Inside the Deadly Business of Stealing Fuel in Mexico
(Bloomberg) -- “When are you going to come?’’ Panchito asks into the phone, wiping oil from his bald head with a rag. “I can’t make it for at least 15 days,’’ comes the reply from The Mummy. “Things are real hot. If I can come earlier, I’ll call you.’’
Panchito is a mechanic who runs a modest car-repair shop in central Mexico with his wife –- and a side business selling stolen fuel. He says the man he refers to as The Mummy is a truck driver for the state oil company, and one of his regular suppliers. They’re feeling the heat because the country’s new president just declared war on a booming black market that’s enabled both of them to thrive.
Andres Manuel Lopez Obrador was elected last year on a pledge to clean up Mexico’s corrupted institutions. He’s started out by targeting its most important company, Petroleos Mexicanos, which loses an estimated $3.5 billion a year to the thieves. And that’s just one piece of a wider problem. With soaring crime rates and a huge informal economy, both linked to a bloody and largely unsuccessful war on drugs, Mexico has given the impression of sliding into lawlessness.
Lopez Obrador’s attempt to fight back took a tragic turn last week when a pipeline exploded in Hidalgo state, killing more than 90 people.

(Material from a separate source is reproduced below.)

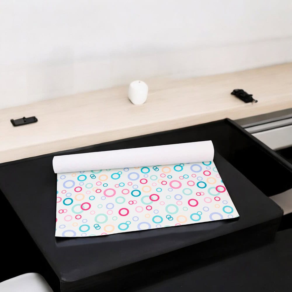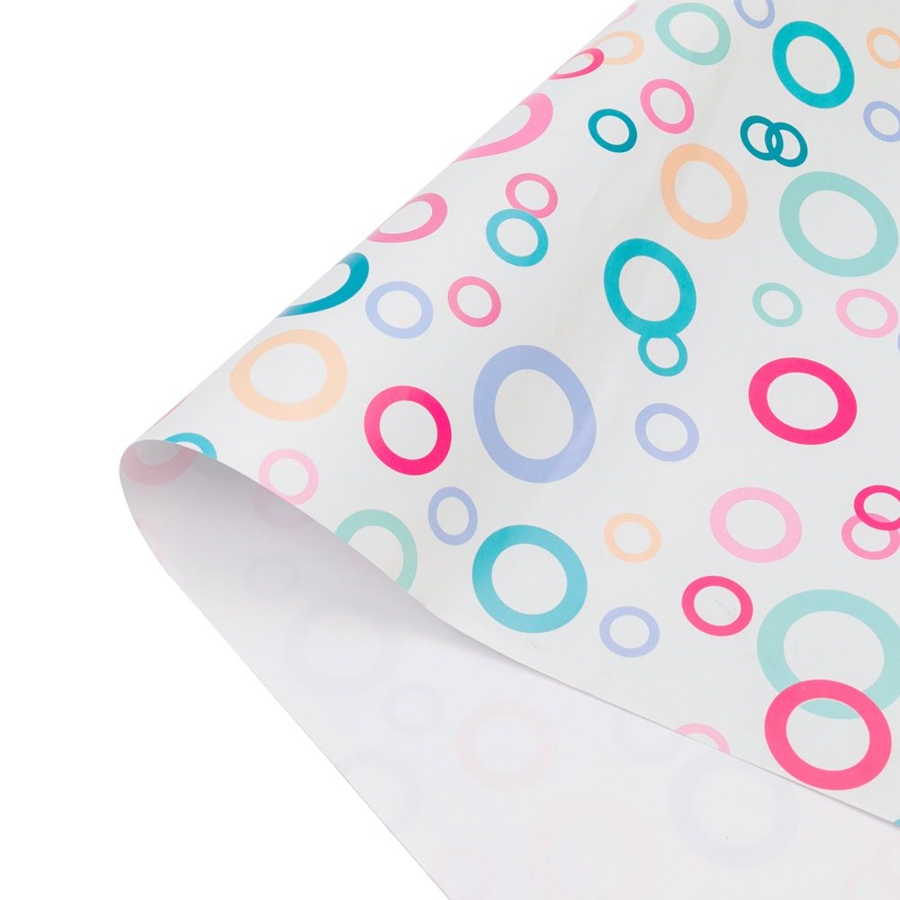 Foi hârtie de ambalat colorate - model 2 cercuri colorate, oferă o soluție practică și estetică pentru diverse nevoi de împachetare și decorare.

It had been illegally tapped, and hundreds of villagers who’d gathered to collect a share of the bounty got bathed in a geyser of premium gasoline. Critics said the accident on a pipe that was supposed to be under surveillance showed the limits of the campaign against fuel theft, while the president vowed to redouble his efforts.
‘Willing to Shoot’
Lopez Obrador is promising social programs for poor communities that make the bootleg fuel less attractive, but he’s getting tough too. He’s tried temporary shutdowns on most of Pemex’s refined-product pipelines, and sent soldiers and police to guard them -– including the one in Hidalgo that was robbed anyway and then blew up.

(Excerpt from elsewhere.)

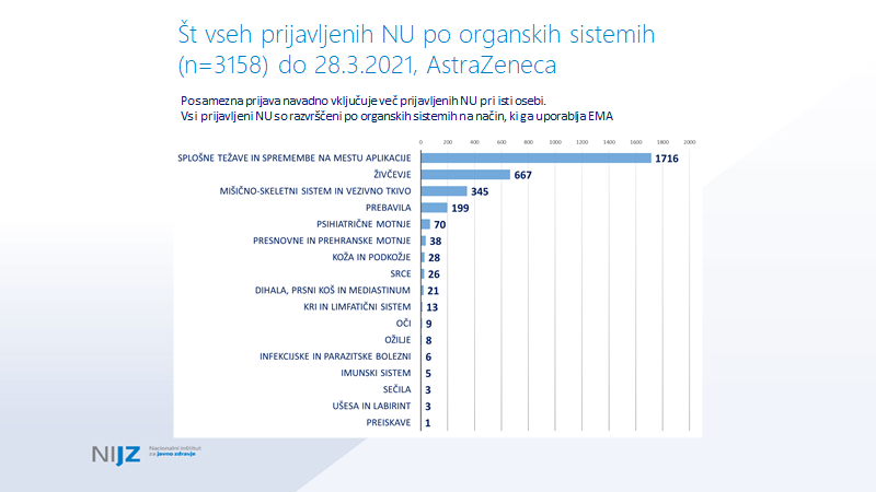 Od začetka cepljenja do vključno 28. marca so na Nacionalnem inštitutu za javno zdravje prejeli 25 prijav resnih neželenih dogodkov po cepljenju s cepivom Pfizer, eno prijavo po cepljenju s cepivom Moderna in deset prijav po cepljenju s cepivom AstraZeneca.

Panchito, whose auto shop is on the highway that leads there, glances nervously at the military trucks zipping by. “These troops have come with orders,’’ he says. “They’re willing to shoot.’’ He says there are lookouts who send warnings when the police or army show up. He requested that his real name be withheld, so authorities can’t identify him.
The game’s getting riskier, Panchito acknowledges. But, for now at least, it’s worth it. He sells “huachicol,’’ as the stolen fuel is known, for about 13 pesos (68 cents) a liter, compared with more than 20 pesos at gas stations. A profit margin above 30 percent has helped him buy homes in several states, and treatment for his diabetes.

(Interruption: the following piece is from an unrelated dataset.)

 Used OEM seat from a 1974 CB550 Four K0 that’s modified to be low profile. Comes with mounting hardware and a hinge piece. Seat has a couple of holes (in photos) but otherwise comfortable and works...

Mexico has an army of Panchitos. There were 41 illegal pipeline taps a day in the first 10 months of last year, up 45 percent from 2017.
The main victim is Pemex and its owner, the cash-strapped Mexican government. But some of the world’s biggest energy companies have been caught in the crossfire too. BP Plc and Total SA, which arrived in Mexico after AMLO’s predecessor Enrique Pena Nieto opened the industry to private and foreign investment, have had to suspend service at gas stations in recent months because fuel they’d paid for never arrived.
“It’s one of the biggest issues affecting the market,’’ says Ixchel Castro, a senior analyst at energy consultant Wood Mackenzie Ltd. “The good news is, the new government has a strategy.’’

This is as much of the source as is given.